#### Task description
In your copy, include every record exactly and no pictures.

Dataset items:

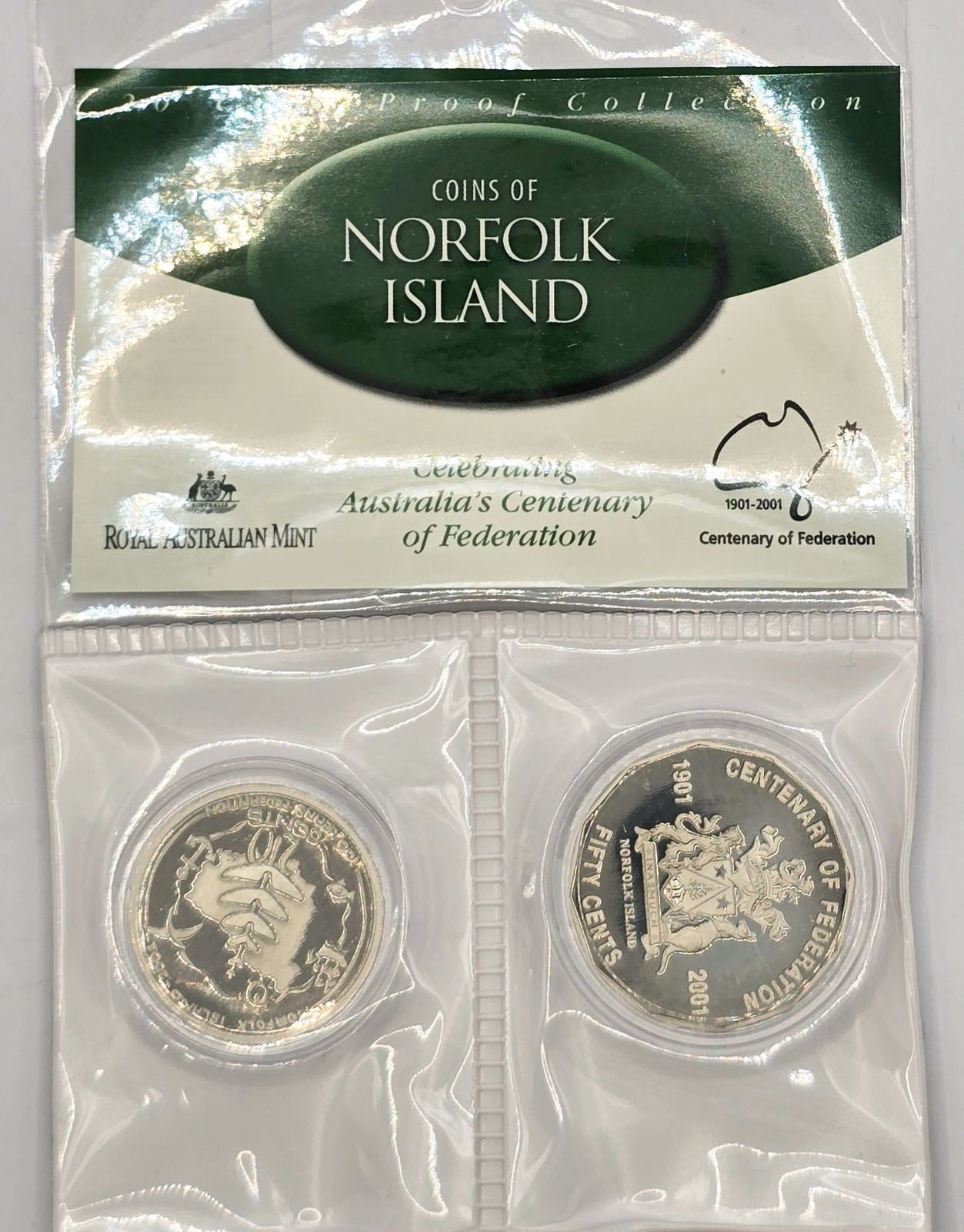 Australia 2001 Centenary of Federation Norfolk Isl. 20c & 50c Proof Coins
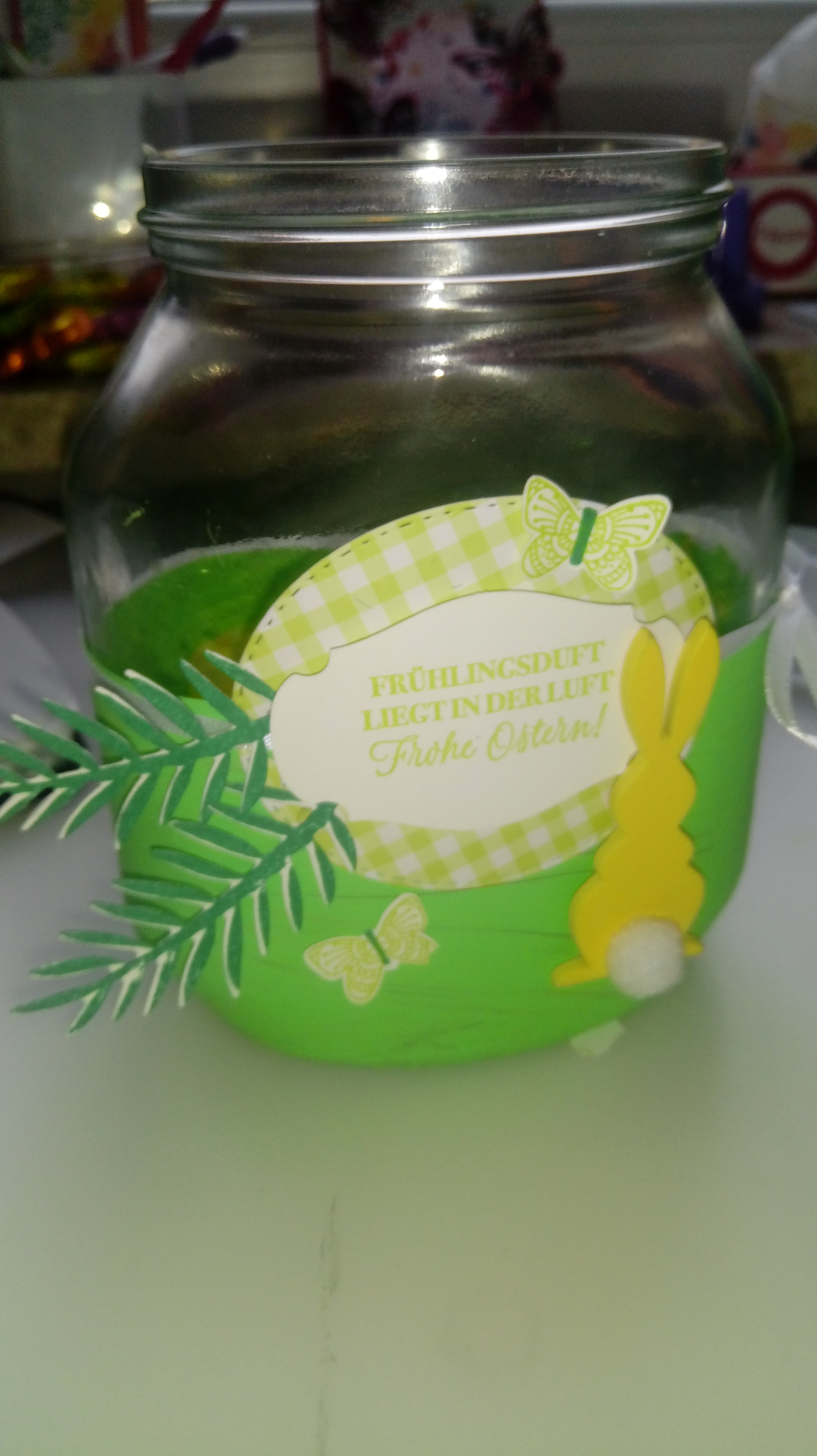 Natürlich kann man diese DIY Deko mit allen möglichen Gläsern machen. Ich hab zum Beispiel noch ein Spargelglas aufgehübscht, das kann man prima als Vase für Tulben oder Osterglocken nutzen.
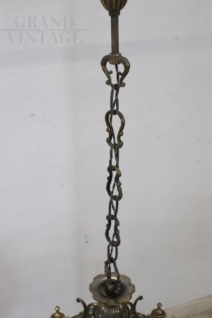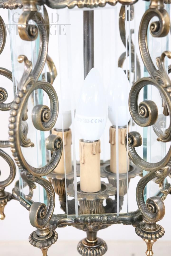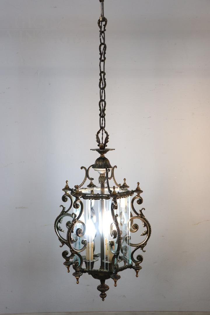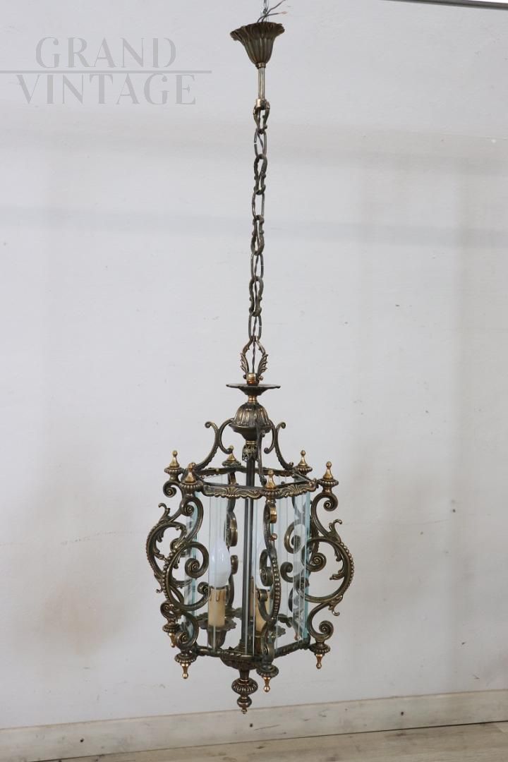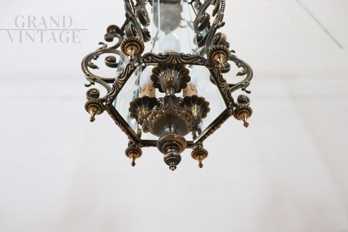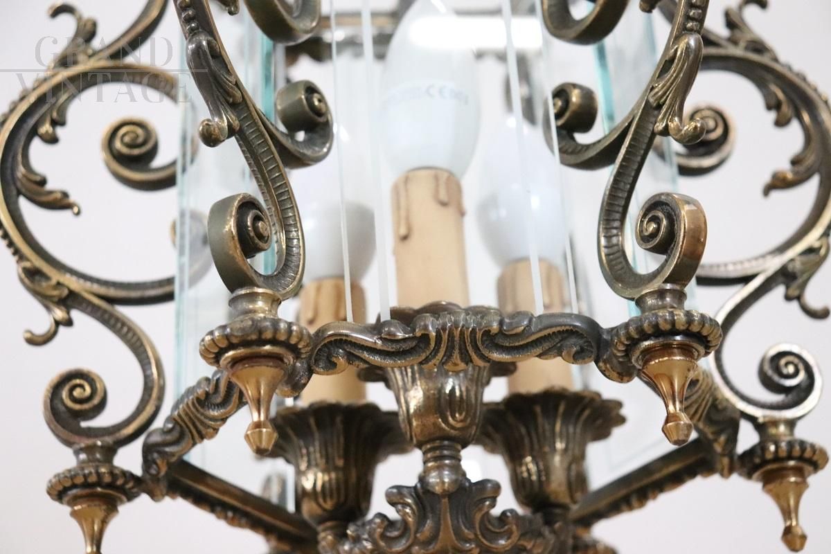 80s lantern chandelier in antique classic style with three internal bulbs. Made of glass and bronze with finely chiseled decorations. The bronze has acquired a beautiful patina. This lantern is beautiful to admire both on and off, the light filters through the transparent glass, also illuminating the beautiful bronze. Perfect for illuminating a corridor, an entrance, a stairwell or even small rooms. You can add or remove links to the chain. Price negotiable.
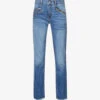 - Slim-fit, high-rise, skinny leg, belt loops, belt loops, five pockets, branded silver-toned hardware, all-over signature contrast panels, faded wash, debossed brand patch at back, signature yoke at back, partially lined, split hems
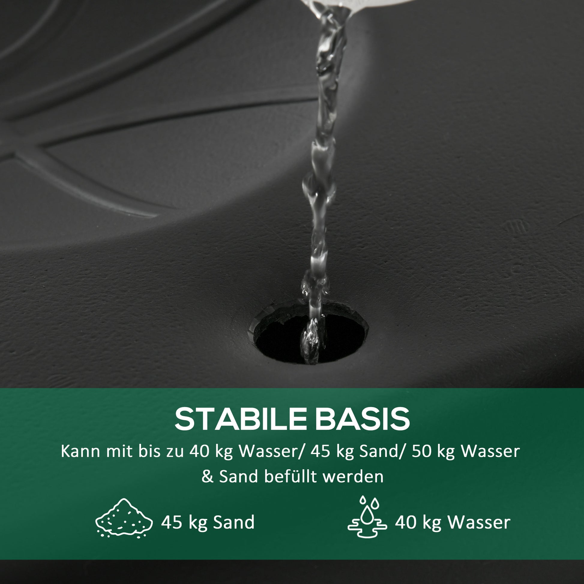 Stable base: The plastic base can be easily filled with sand or water to ensure it stands firmly on the ground. The base weighs 40 kg when filled with water, 45 kg with sand, or 50 kg when filled with sand and water. A practical, round recess in the base provides space for the basketball and prevents it from rolling away.
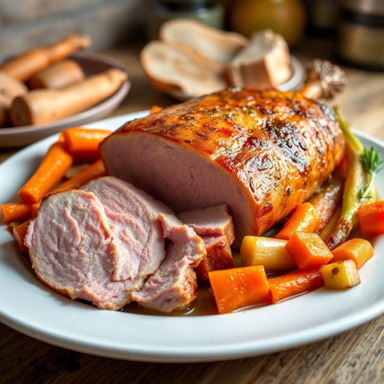 Ein saftiger Braten, perfekt gegart mit aromatischem Gemüse. Dieses Gericht vereint zartes Tafelspitzfleisch mit einer köstlichen Mischung aus Ofengemüse, das in einer aromatischen Brühe und Rotwein geschmort wird. Ideal für ein festliches Abendessen oder einen besonderen Anlass.
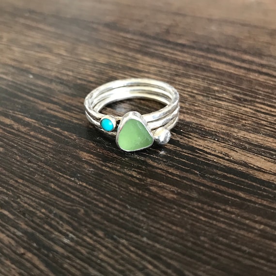 This vintage sea glass has been naturally tumbled and polished by the ocean over many, many years. Each sea glass gem has its own unique characteristics that can only be achieved through years upon years of being tumbled by the ocea. Blue sea glass triple band ring. A wide variety of sea glass rings options are available to you, such as jewelry main material, inlay technology, and gender.
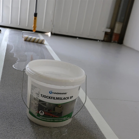 Hagmans Tykfilmslak EP hvorefter du strøger sandet i den våde lak. Lad Tykfilmslak og sand hærde op, og fjern malertapen efter ca. 30 minutter. Når lakken er hærdet op efter ca. 10-15 timer fjernes/slibes overskydende sand væk og støvsuges og hefter tapes malertape ca. 2 mm. fra kanten af hjulsporet, hvorefter der gives endnu et lag Tykfilmslak EP ovenpå sandet. Til slut fjernes malertapen igen.
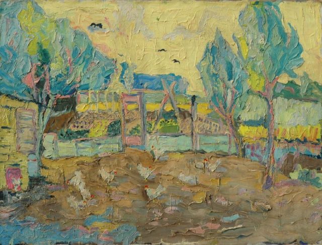Ben Viegers | In de moestuin, olieverf op doek, 42,5 x 57,6 cm, gesigneerd r.o.
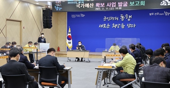 경남 함양군은 11일 오후 군청 대회의실에서 '2023년 제1차 국가예산 확보사업 발굴 보고회'를 가졌다.
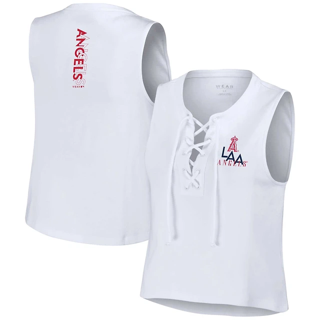 Débardeur WEAR by Erin Andrews Los Angeles Angels blanc à lacets pour femme

#### Your response
 Australia 2001 Centenary of Federation Norfolk Isl. 20c & 50c Proof Coins
 Natürlich kann man diese DIY Deko mit allen möglichen Gläsern machen. Ich hab zum Beispiel noch ein Spargelglas aufgehübscht, das kann man prima als Vase für Tulben oder Osterglocken nutzen.
 80s lantern chandelier in antique classic style with three internal bulbs. Made of glass and bronze with finely chiseled decorations. The bronze has acquired a beautiful patina. This lantern is beautiful to admire both on and off, the light filters through the transparent glass, also illuminating the beautiful bronze. Perfect for illuminating a corridor, an entrance, a stairwell or even small rooms. You can add or remove links to the chain. Price negotiable.
 - Slim-fit, high-rise, skinny leg, belt loops, belt loops, five pockets, branded silver-toned hardware, all-over signature contrast panels, faded wash, debossed brand patch at back, signature yoke at back, partially lined, split hems
 Stable base: The plastic base can be easily filled with sand or water to ensure it stands firmly on the ground. The base weighs 40 kg when filled with water, 45 kg with sand, or 50 kg when filled with sand and water. A practical, round recess in the base provides space for the basketball and prevents it from rolling away.
 Ein saftiger Braten, perfekt gegart mit aromatischem Gemüse. Dieses Gericht vereint zartes Tafelspitzfleisch mit einer köstlichen Mischung aus Ofengemüse, das in einer aromatischen Brühe und Rotwein geschmort wird. Ideal für ein festliches Abendessen oder einen besonderen Anlass.
 This vintage sea glass has been naturally tumbled and polished by the ocean over many, many years. Each sea glass gem has its own unique characteristics that can only be achieved through years upon years of being tumbled by the ocea. Blue sea glass triple band ring. A wide variety of sea glass rings options are available to you, such as jewelry main material, inlay technology, and gender.
 Hagmans Tykfilmslak EP hvorefter du strøger sandet i den våde lak. Lad Tykfilmslak og sand hærde op, og fjern malertapen efter ca. 30 minutter. Når lakken er hærdet op efter ca. 10-15 timer fjernes/slibes overskydende sand væk og støvsuges og hefter tapes malertape ca. 2 mm. fra kanten af hjulsporet, hvorefter der gives endnu et lag Tykfilmslak EP ovenpå sandet. Til slut fjernes malertapen igen.
Ben Viegers | In de moestuin, olieverf op doek, 42,5 x 57,6 cm, gesigneerd r.o.
 경남 함양군은 11일 오후 군청 대회의실에서 '2023년 제1차 국가예산 확보사업 발굴 보고회'를 가졌다.
 Débardeur WEAR by Erin Andrews Los Angeles Angels blanc à lacets pour femme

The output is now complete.